A pipeline for enabling path-specific causal fairness in observational health data
Aparajita Kashyap, Sara Matijevic, Noémie Elhadad, Steven A. Kushner, Shalmali Joshi
TL;DR
This work tackles bias in healthcare ML by adopting path-specific causal fairness within a structural fairness model (SFM) that segregates sensitive, mediator, confounder, and outcome variables. It introduces a general, model-agnostic pipeline to map observational health data to $X$, $Y$, $W$, $Z$, and to robustly estimate path-specific effects such as the natural direct effect ($NDE$), natural indirect effect ($NIE$), and spurious effect ($SE$); the pipeline then trains a baseline model and applies targeted fairness interventions (causal regularization, resampling, and feature selection) to mitigate disparities across four clinical tasks (AMI, SLE, T2DM, SCZ). The experiments show task-dependent tradeoffs between fairness and predictive performance, with outcomes varying by which causal path is prioritized and which intervention is used; naive feature selection sometimes matches or outperforms sophisticated causal methods in reducing path-specific bias.
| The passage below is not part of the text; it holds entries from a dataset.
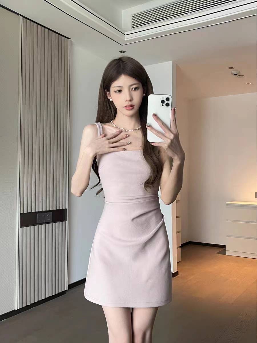 松本丧丧吊带连衣裙秋装女2023年新款温柔风收腰显瘦褶皱中长裙子
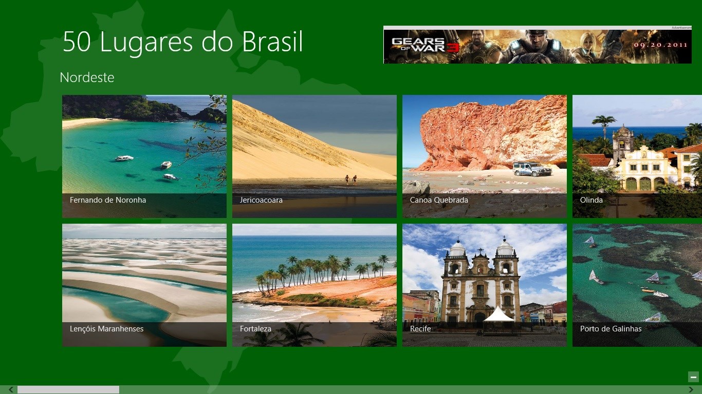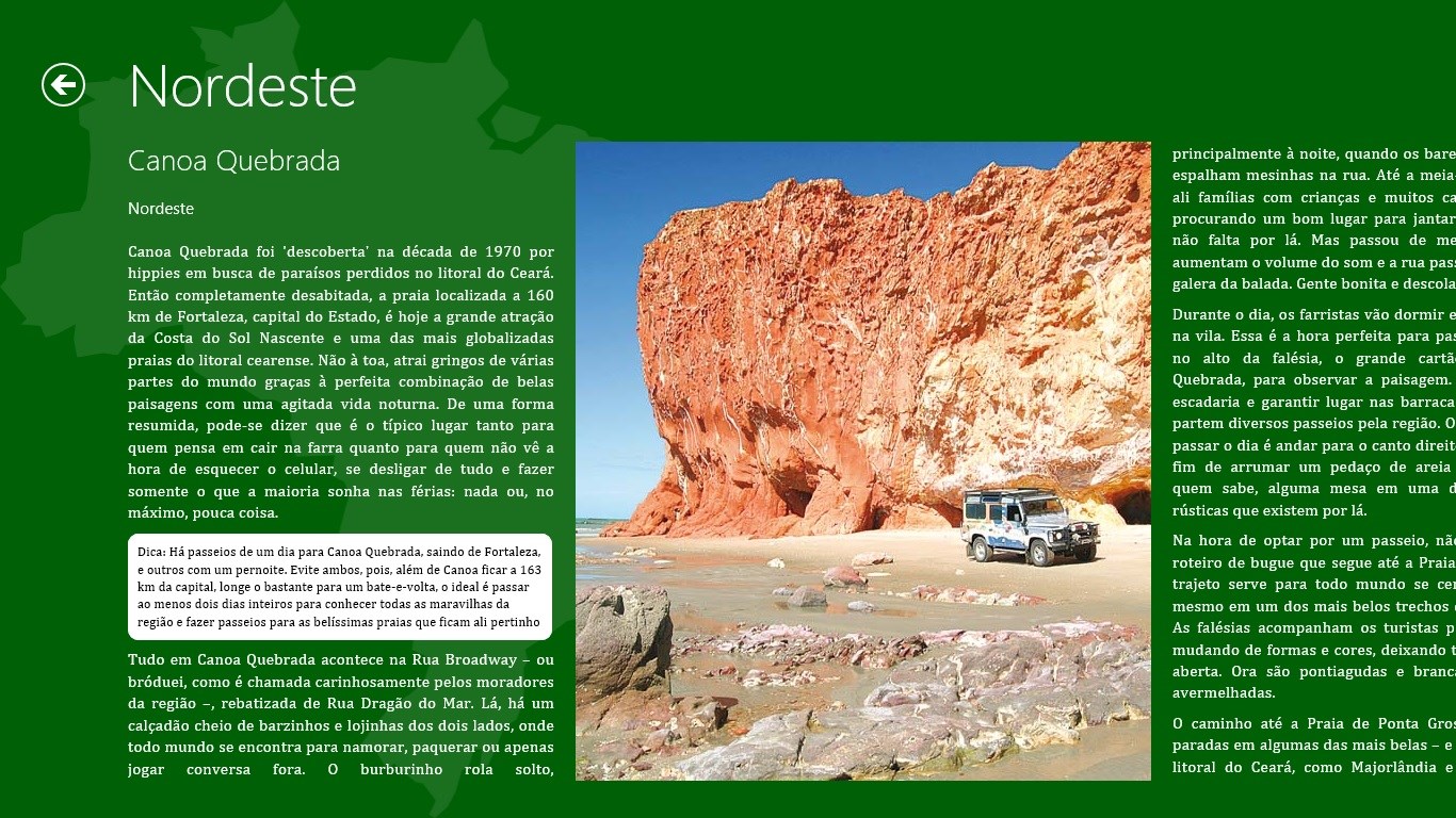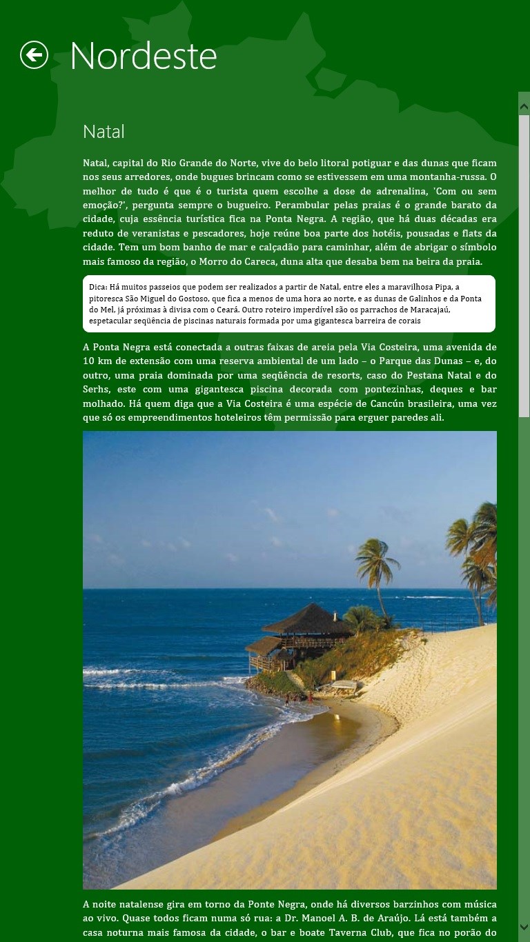 Textos descrevendo os 50 lugares do Brasil e fotos mostrando detalhes de cada um deles.Busca por palavras-chaves e agrupamento por região do Brasil.
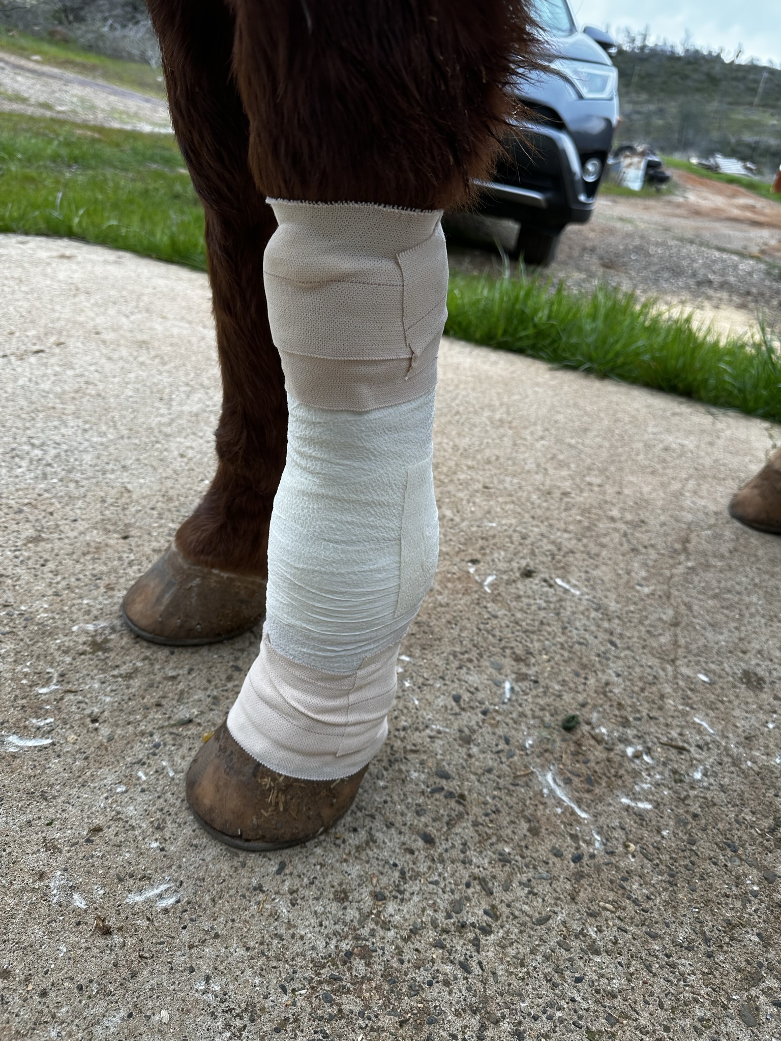 We went for an awesome ride at Bidwell Park on Saturday the 18th-everything was fine with his leg. The following days however was another deluge of rain. On Thursday it was farrier day-I began to take off his muddy nasty shield and was met with an open, painfully infected wound...again!

The work emphasizes context-specific prioritization over a universal fairness solution and demonstrates the approach’s generalizability to healthcare and potentially beyond. Overall, the pipeline provides a principled framework to diagnose, enforce, and evaluate path-specific fairness in observational health data, aligning model behavior with known health disparities while preserving clinical utility.
Abstract
When training machine learning (ML) models for potential deployment in a healthcare setting, it is essential to ensure that they do not replicate or exacerbate existing healthcare biases. Although many definitions of fairness exist, we focus on path-specific causal fairness, which allows us to better consider the social and medical contexts in which biases occur (e.g., direct discrimination by a clinician or model versus bias due to differential access to the healthcare system) and to characterize how these biases may appear in learned models. In this work, we map the structural fairness model to the observational healthcare setting and create a generalizable pipeline for training causally fair models. The pipeline explicitly considers specific healthcare context and disparities to define a target "fair" model. Our work fills two major gaps: first, we expand on characterizations of the "fairness-accuracy" tradeoff by detangling direct and indirect sources of bias and jointly presenting these fairness considerations alongside considerations of accuracy in the context of broadly known biases. Second, we demonstrate how a foundation model trained without fairness constraints on observational health data can be leveraged to generate causally fair downstream predictions in tasks with known social and medical disparities. This work presents a model-agnostic pipeline for training causally fair machine learning models that address both direct and indirect forms of healthcare bias.